My personal wrestling peak has to be August, 1996. It was my second year in (community) college (I made community college so cool that Joel McHale was trolling A1- one day, saw me talking it up, made a show about it, true story), and we were all watching Nitro.
Things got heated. We argued over the best finisher. I held fast to saying that The Human Torture Rack was both the most well named and the most badass finisher around. There were various arguments.
So then, shit got real. Everyone jumped up. It was on. I got paired up with The Other Big Guy (he wasn't fat like me, he was just big framed, a country boy) and within seconds, I was slapping his 255 pound ass up in the Rack so fast that the other two stopped trying to Sharpshooter each other and started cheering me on.
And then my brother showed up. My brother is kind of short (not really, 5'10", but I'm 6'2") and weighed like 235 at the time to my 275 (those were the days!). I told him to let me try to put him in the Razor's Edge, but somewhere between me saying "Help me on it, I don't want to wrestle" and the words reaching his ears, he pounced and fuckin' ragdolled me all over the place. That shit sucked. He was (and is) one of those 500 pound benchin', 600 pound squattin' motherfuckers. And I just had fatness and redneck strength going for me.
So that night started well, but I had to be on the wrong end of a squash at the end of it. So I ended up... ehhhhhoooooooold the phone!!!
We all went outside after rassle ended. That was our tradition. I was dipping at the time. I wouldn't dip indoors, so we'd go outside, dip, spit off the second floor. You can't hide class. We were outside, and The Other Big Guy insulted the Ric Flair chop by saying that it looked good and sounded good, but it didn't hurt. I told him "HOLD UP!!!" and said if I chopped him, it would light his ass up. He told me to go ahead, it wouldn't hurt, but do it on his back because that would hurt less.

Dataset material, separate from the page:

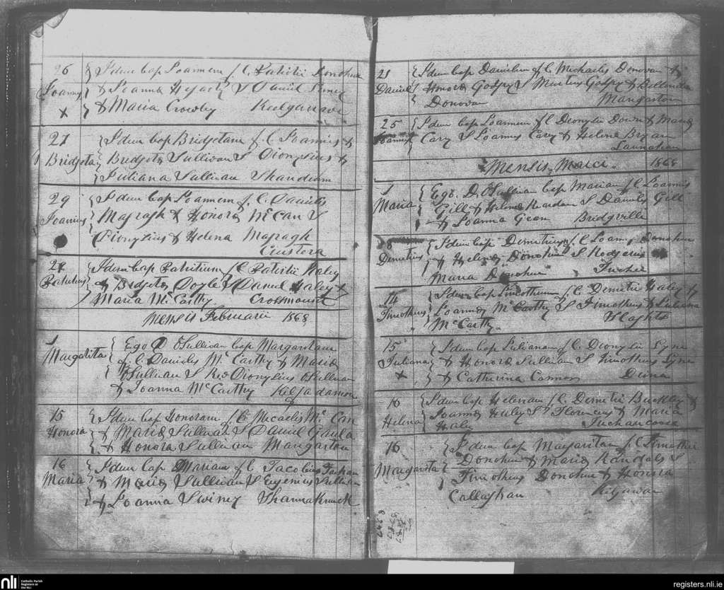 Kilgarvan; County of Kerry; Diocese of Kerry. Baptisms, Jan. 1868 to Mar. 1868

So that motherfucker stood facing away from me, and I unleashed the fooking fury on his back, Yngwie style. *chop* Woooo!! and he was running in place like he had the shits and was locked out of his house.
I told him he could do one back to me since I felt bad for hurting him. He chopped me, and instantly fell to his knees shaking his hand. "Oow ow motherfucker I just broke my hand!" He didn't break it, but it was great that it hurt him doing the chop. I told him only trained professionals are allowed to unleash the Nature Boy Chop from henceforth. So I did get my shine back at the end of the night.
The Other Big Guy sneak attack headlocked me going into the cafeteria a few weeks later, and I couldn't escape it.
Then we rassled in a gym locker room while we were lifting weights, but that's a kind of boring story that ends with the basketball team catching me making a racist joke.